By the time we had edited the material down to our target length, we were still trying to coordinate a mutually manageable location to film Vittorio Storaro, whom I had assured that “we will not wrap until you are in the can.” As fortune would have it, we were able to catch Vittorio in Boston, where he received the Coolidge Award. Once his interview was done and cut into the edit, I realized there was one more person missing from the ensemble: Gordon Willis, surely one of the most influential and brilliant cinematographers of our time. So I proposed one last interview to Jon, who outlined the project for Gordon and got him to agree to an interview. Jon made arrangements to take equipment and a small crew, including Tibor Sands, Gordon’s assistant on a number of movies and now a CSC employee, to the Willis home in Massachusetts.
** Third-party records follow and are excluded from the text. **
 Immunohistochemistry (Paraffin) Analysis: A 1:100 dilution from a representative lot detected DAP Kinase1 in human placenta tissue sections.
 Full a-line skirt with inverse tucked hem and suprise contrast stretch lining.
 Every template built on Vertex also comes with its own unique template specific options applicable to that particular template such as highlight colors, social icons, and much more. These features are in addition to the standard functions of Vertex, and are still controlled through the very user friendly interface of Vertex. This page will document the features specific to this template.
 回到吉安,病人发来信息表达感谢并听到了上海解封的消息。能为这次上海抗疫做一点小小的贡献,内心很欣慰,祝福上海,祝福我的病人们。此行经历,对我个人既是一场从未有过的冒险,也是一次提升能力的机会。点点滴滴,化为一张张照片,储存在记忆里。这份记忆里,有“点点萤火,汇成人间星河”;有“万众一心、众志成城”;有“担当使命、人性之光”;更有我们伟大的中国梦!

Clearly, Jon, Tibor and Gordon meshed well in those relaxed surroundings, and the resulting material greatly enhances the film’s intimate feeling.

The technical aspects of this film were an important component of the overall concept. The sponsors intended to use every advanced technology at their disposal to produce the best possible print that film and the DI process are capable of. All of the footage was shot with the latest Arricam 35mm camera systems, Zeiss Ultra Prime Lenses, and Kodak Vision2 negative (which we referred to as our “analog 4K user-interchangeable sensor”). Because of data-capacity and time limitations, we elected a 2K DI that was divided between New York and Los Angeles. The negative was scanned on an Arriscan at 3K, down-rezzed to 2K, conformed, dust-busted and graded by Tim Spitzer and John Dowdell at Goldcrest in New York, and then filmed out in 2K on two Arrilasers at our facility in Burbank. Technicolor Los Angeles gave us an outstanding release print on Kodak Vision Premier.
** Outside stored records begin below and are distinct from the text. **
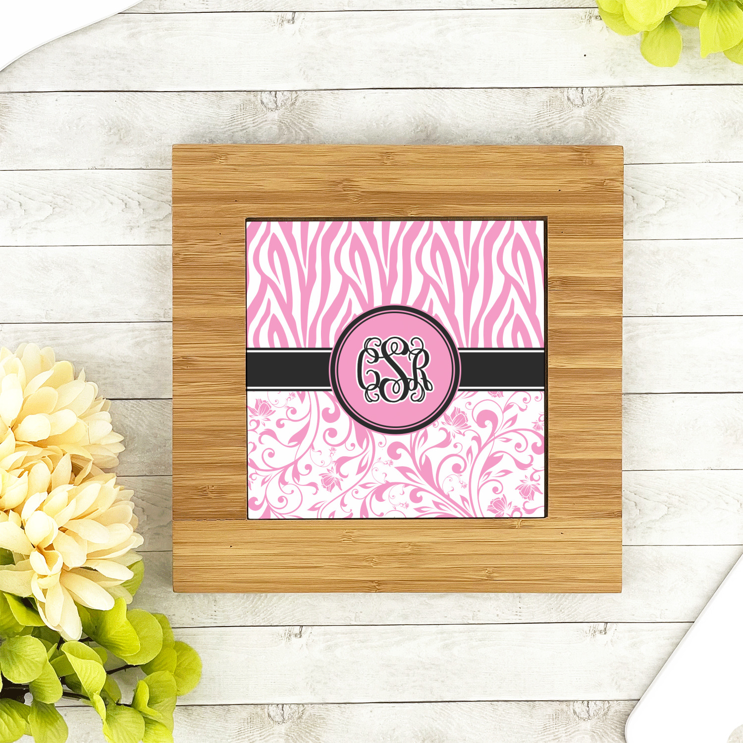 The center is highlighted by a 6in ceramic tile that is printed with the design of your choice. The tile sits slightly higher than the bamboo to ensure the majority of the heat stays on the tile not on the bamboo.
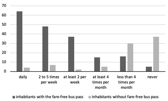 The implementation of the FFPT policy, as mentioned above, resulted in a ridership increase as it attracts new users and generates new travels. From Figure 4, it is possible to see that those who own the free-bus pass use public transport more frequently than those who do not. In Table 1, it is possible to see the composition of respondents with/without the fare-free bus pass according to the primary means of transport used by the survey respondents. Unsurprisingly, the majority of the respondents with the fare-free bus pass are the public transport users (n = 108) followed by car-drivers (n = 38) as the second biggest group, with the other means of transport being in the minority (see Table 1). From those who do not own the fare-free bus pass, the car-drivers (n = 53) are the largest group and public transport users (n = 15) are the second biggest group, followed by the other means of transport (see Table 1). In general, the residents with the fare-free bus pass prevail in the survey. As is indicated by the respondents, new travels are generated because those respondents who possess the fare-free bus pass are using public transport mainly to travel on short distances (up to 3 stops). Also, the new travels are partly generated by the substitution of walking and cycling by public transport (Figure 3). The substitution of walking and cycling together with using public transport more frequently demonstrates the new travels generated by the FFPT policy. As the fare-free public transport zones also cover rural and touristic hinterland of Frýdek-Místek, some respondents claim that they are using public transport to reach the places connected with the leisure activities. However, this type of travels is limited due to the availability and frequency of public transport connections.
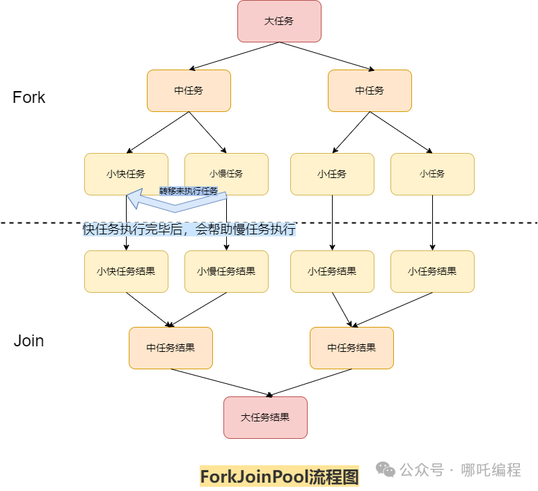 ForkJoinPool在于可以充分利用多核CPU的优势,把一个任务拆分成多个小任务,把多个小任务放到多个CPU上并行执行,当多个小任务执行完毕后,再将其执行结果合并起来。

Altogether, we shot 200 rolls of color negative for this production. Assuming the equivalent of 4K digital resolution at approximately 65 megabytes per frame, there is a total of 206 terabytes of uncompressed, raw, analog 4K data archived and safely stored in tin cans for future use in whatever format may be required, be it analog or digital.

Aside from the compliments we’ve received on the film, the sentiment most often expressed is, “Too bad something like this was not done long ago.”